No matter how fancy or complex a database looks, they all boil down to **just 3 simple layers**. Yes, just 3.
If you understand these layers, you can:
- Grasp any database
- Build deep intuition about its architecture
- Answer any interview question confidentlyHere they are:
## 1. User Access Layer
This layer defines how users connect with the database.
It includes:
- **SQL** (Structured Query Language)
- **HTTP APIs** (for NoSQL databases)
- **Specific Protocols** (database-specific query languages)**Examples:**
- RDBMS: SQL for user access
- Cassandra: CQL (Cassandra Query Language)
- NoSQL (DynamoDB, MongoDB): HTTP APIs---
## 2. Routing Layer
This layer routes read and write requests to the correct server or node.
- Optional for single-node databases (e.g., traditional RDBMS)

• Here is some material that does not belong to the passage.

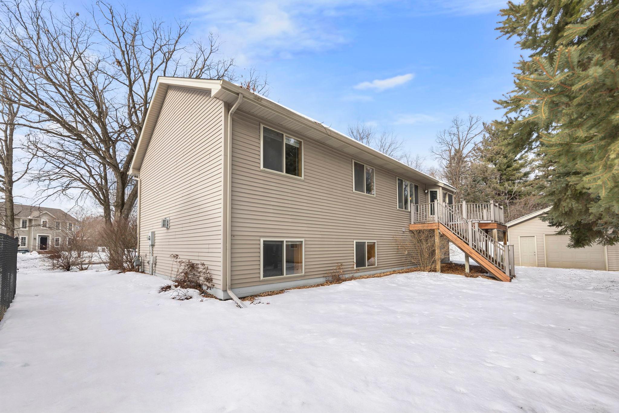 Fantastic home in a prime Blaine location offering an easy commute and access to parks, trails and Park & Ride. This well-designed home features a spacious vaulted living room that flows seamlessly into the eat-in kitchen with stainless steel appliances and ample dining space and walks out to a maintenance-free deck, perfect for everyday living and entertaining. The upper level includes three bedrooms on one level, including a primary suite with a private 3/4 bath featuring a granite countertop. A full upper-level bath also offers a granite countertop for an updated feel. The finished lower level adds exceptional flexibility with a huge living area, wet bar, gas fireplace, built-in cabinetry, Bose speakers, a large laundry room and abundant storage. Additional highlights include a 3-car garage plus a 16x12 backyard garage or shed ideal for hobbies, toys or extra storage. This home offers comfort, space and functionality in a sought-after setting.

- Critical for distributed databases (NoSQL)**Examples:**
- **DynamoDB**: Request router uses partition metadata to route reads/writes
- **MongoDB**: Mongos connects to config servers for routing
- **Cassandra**: Snitch finds the node where data resides**Pro Tip:** Almost all use **Consistent Hashing**—an efficient algorithm for distributing data across nodes for high availability and scalability.
---
## 3. Storage Layer
This layer defines how data is stored on disk. Two common data structures dominate:
- **B/B+ Tree**:
- Used in 80% of databases (SQL and NoSQL)
- Offers consistent O(log n) read/write access
- Perfect for range queries
- Examples: All SQL DBs, DynamoDB, MongoDB- **LSM Tree**:
- Optimized for high write throughput
- Uses SSTable, compaction, and tombstones for efficient data management
- Examples: Cassandra, ScyllaDB---
## That’s It
All databases—SQL or NoSQL—are just a combination of these 3 layers.
What surprised me most? Despite the marketing hype, SQL and NoSQL are fundamentally the same. They just assemble these layers differently.
Next time you see a “new, fancy” database:
- Don’t fall for buzzwords or social media hype
- Apply this 3-layer framework
- Break it down in 2 minutes flatThis mindset shift will make you immune to hype and unmatched in system design interviews.